Nunzia De Stefano • Director of Nevia
“It wasn’t easy to talk about myself”
by Camillo De Marco
- Neapolitan director Nunzia De Stefano tells Cineuropa all about her autobiographically inspired film, Nevia
Selected for the Orizzonti section of the Venice International Film Festival, Nevia [+see also:
interview: Nunzia De Stefano
film profile] is the first work by Nunzia De Stefano, a director who has worked on a fair few of Matteo Garrone’s films and whose current offering sees the latter slipping into the role of producer. The film tells the tale of Nevia, a 17-year-old girl who is forced, by circumstances, to live in the Ponticelli container park on the outskirts of Naples.
Cineuropa: The judges’ reasoning for the film being awarded the Lizzani Prize in Venice states that “Nevia is a film about women, written, directed and acted by women”. Is it difficult to tell stories about women in the world of film?
Nunzia De Stefano: Almodovar knows how to do it. He’s the first to spring to mind. No-one has managed to portray the world of women better than him. Men too can do it, even if few directors are really able to get inside women’s heads. He does it brilliantly.

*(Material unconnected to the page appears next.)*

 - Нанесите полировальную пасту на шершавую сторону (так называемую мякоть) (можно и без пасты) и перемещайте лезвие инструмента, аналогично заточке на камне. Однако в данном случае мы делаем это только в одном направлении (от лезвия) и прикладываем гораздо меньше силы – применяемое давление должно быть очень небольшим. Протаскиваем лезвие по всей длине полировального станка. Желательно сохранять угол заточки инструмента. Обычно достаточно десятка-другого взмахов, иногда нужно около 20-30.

We might look at the film in a different light on learning that you yourself spent ten years living in a container after the Naples earthquake in 1980.

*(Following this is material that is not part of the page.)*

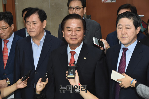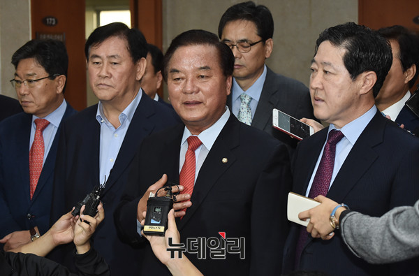 자유한국당 정갑윤 등 의원들이 28일 오전 국회 정론관에서 '박근혜 전 대통령의 구속 시한 연장을 반대 촉구' 기자회견 후 기자들의 질문에 답하고 있다.

I lived in a container for ten years. Forty years later, these parks still exist. There was no set-designing in Ponticelli, the location where I filmed; what you see is how it actually looks. They’re called bi-storeys: two containers stacked one on top of the other and all of them interconnected. The conditions people live in are still dire, while they wait for social housing that never materialises. I hope the film will help them. I feel a strong connection to that place, to its inhabitants. Through the young protagonist Virginia Apicella, we got to know the people who live there. They demonstrate a level of humanity and dignity that really takes you aback.

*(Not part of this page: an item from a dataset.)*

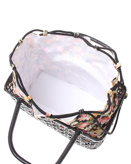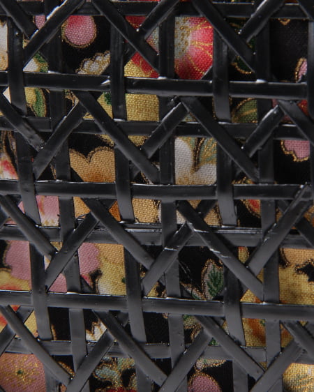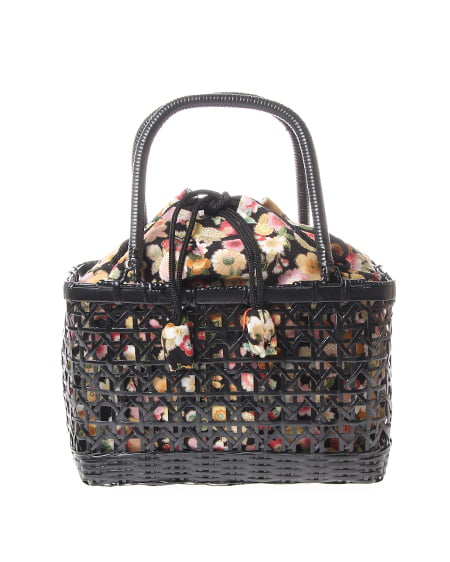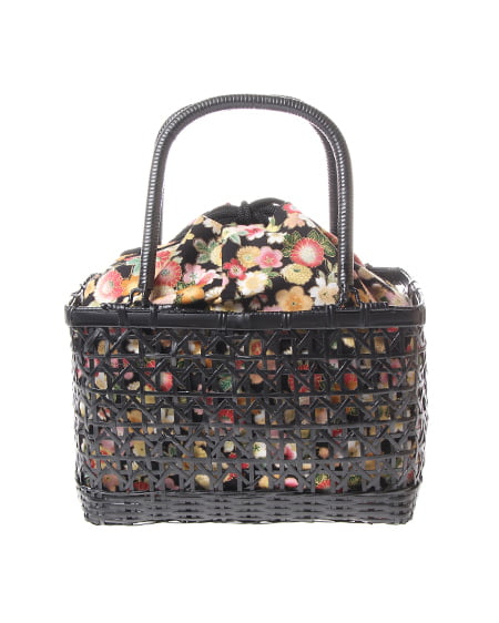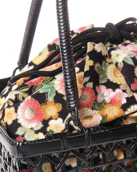 夏のイベントに最適な和風小物の登場。お祭りや花火大会のシーズンに浴衣に合わせたい花篭は本格的な質感でこだわりのデザインがポイント。コロンとした小さめのカゴに華やかな花柄の巾着をセットしました。巾着は取り外しもできお好みの巾着にも取替え可能です。女性らしい雅な表情を演出してくれるアイテムです。

Is it easier to write a film based on personal memories?
No, it wasn’t easy to talk about myself, to portray my own childhood. Memories that we’d normally prefer not to remember all bubbled up to the surface. It’s a form of self-analysis and it’s really painful. On set, after a few takes, I’d crack, I’d cry. From an emotional perspective, it was a very powerful experience. This film comes from the heart, I wanted to share this story, to get it all out.
There are a lot of films being shot in Naples lately...
My city is something of an Aladdin’s lamp, it has a little bit of everything in it. But it’s not often explored in real depth …
In some cases, the deterioration that you see is almost oleographic
There have been a few peripheral areas which have been used as backdrops, but in terms of authors working in Naples, capturing any aspect of it is a good thing. I wanted to portray a very different side of Naples, but respectfully, without passing judgement on those places and without insisting upon the abject poverty they live in: during the visits we made to the site before we started filming, I saw containers without light switches and with very little water to wash with.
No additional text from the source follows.